Musique

Fredric Gary Comeau : Livre ouvert

Récemment, après avoir publié cinq recueils de poésie en français, Fredric Gary Comeau lançait son premier album, en anglais. Un disque qui se démarque par l’austérité et la noirceur de son timbre vocal.

Fredric Gary Comeau a vingt-neuf ans, et il est originaire du Nouveau-Brunswick. Récemment, après avoir publié cinq recueils de poésie en français, il lançait son premier album, en anglais. Un disque qui se démarque par l’austérité et la noirceur de son timbre vocal, qui s’apparente à celui de Leonard Cohen. Comme lui, Comeau est un auteur-compositeur qui possède son propre univers. «On pourrait dire que mes écrits ont un contenu spécifiquement acadien, mais je parle beaucoup de voyage, comme mon disque d’ailleurs.»
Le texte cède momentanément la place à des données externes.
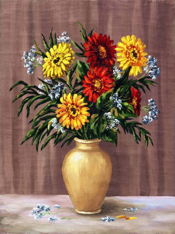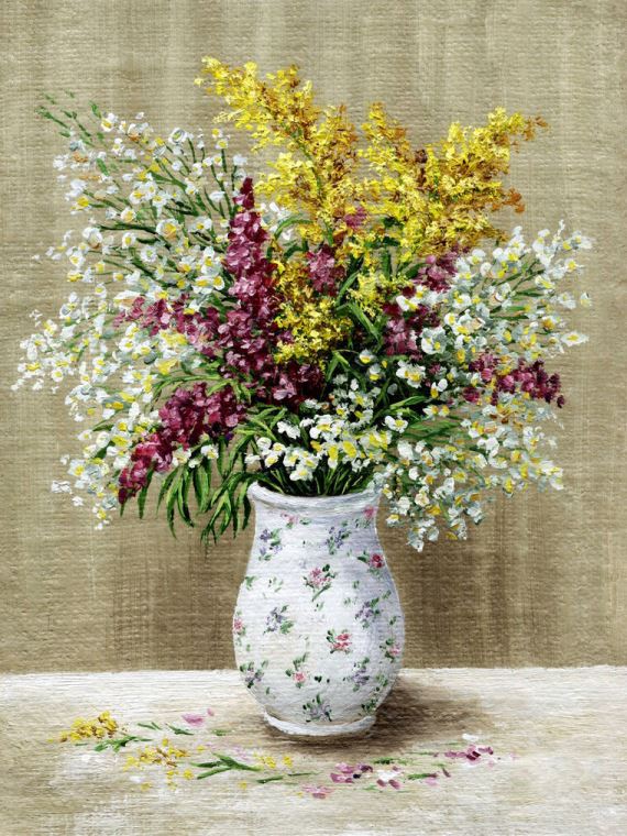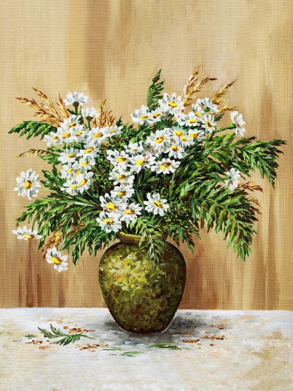 Купить и печать на заказ Картины, фото с паспарту Зеленый букет ромашек

Comment, finalement, décide-t-on de passer à la scène? «Je n’ai pas abouti à la chanson du jour au lendemain; ça fait dix ans que j’écris des chansons et que je fais des démos. Au moment où mon copain Martin Ravary m’a convaincu de faire un disque, j’étais en train d’écrire un roman. Mais être musicien, ça ne m’est pas venu naturellement; je n’ai pas ce don inné. Pour y arriver, j’ai dû travailler crissement fort. Pour l’instant, je m’investis dans la musique, mais je demeure quand même écrivain. De toute façon, même lorsque je fais des lectures de poésie, je donne un show.»

Ce goût de l’errance, omniprésente dans ses textes, il le doit à son père: «Ironiquement, confie-t-il, mon père est quelqu’un de très stable, qui a peu voyagé parce qu’il avait une famille. Quand j’étais petit, il m’emmenait faire des balades en voiture et on écoutait Hank Snow, qui est, en quelque sorte, un Hank Williams canadien. C’est avec ses chansons que mon père s’évadait, et cela a beaucoup marqué mon imaginaire. Pour ma part, j’écris sur mon vécu. Toutes mes chansons ont une signification très personnelle. Moi, je me sens heureux lorsque je voyage.»

Sur la photo de la pochette d’Another Broken Lullaby, son seul et unique compact, un immense flacon de pilules remplit l’espace. Et en lisant attentivement la posologie qui l’accompagne, on est frappé par l’autodérision de la phrase «Take one cdvalium, listen and sleep». Ne faut-il pas un certain courage pour qualifier sa propre musique de soporifique? «Non, ça ne me dérange pas de dire que c’est endormant; on a besoin de dormir parfois, on a besoin de relaxer. Un exemple: tu vas dans un Second Cup, pis c’est devenu une discothèque. J’aime le techno, mais pas dans un café! C’est juste à cause de ça: on est stimulé partout, mais à un moment donné… Cependant, je reconnais que ma musique apaise, bien qu’en spectacle, je m’énerve un peu plus.»

On ne s’étonnera donc pas que notre homme ait enregistré Another Broken Lullaby dans le calme d’une église: «Je me suis inspiré de Richard Desjardins, qui avait capté un de ses albums à la Chapelle historique du Bon-Pasteur; j’aimais beaucoup le son qui en émanait, même si ce n’est jamais parfait, mais il y a un état, il y a quelque chose qui passe. Je l’ai fait en solo tout simplement parce que je n’ai pas de musiciens, et que, pour l’instant, je préfère m’accompagner à la guitare. Je n’étais pas à la recherche de la perfection mais plutôt de l’authenticité.» Fredric Gary Comeau a déjà dans sa mire le prochain album, «qui aura plein de musiciens et plein d’arrangements. Il est même question qu’Yves Desrosiers (Lhasa, Leloup) y collabore. On le lui souhaite. En attendant, Comeau monte seul sur scène en ramenant ses chansons voyageuses à leur plus simple expression: adoucies, épurées et presque murmurées à l’oreille. L’essentiel, quoi.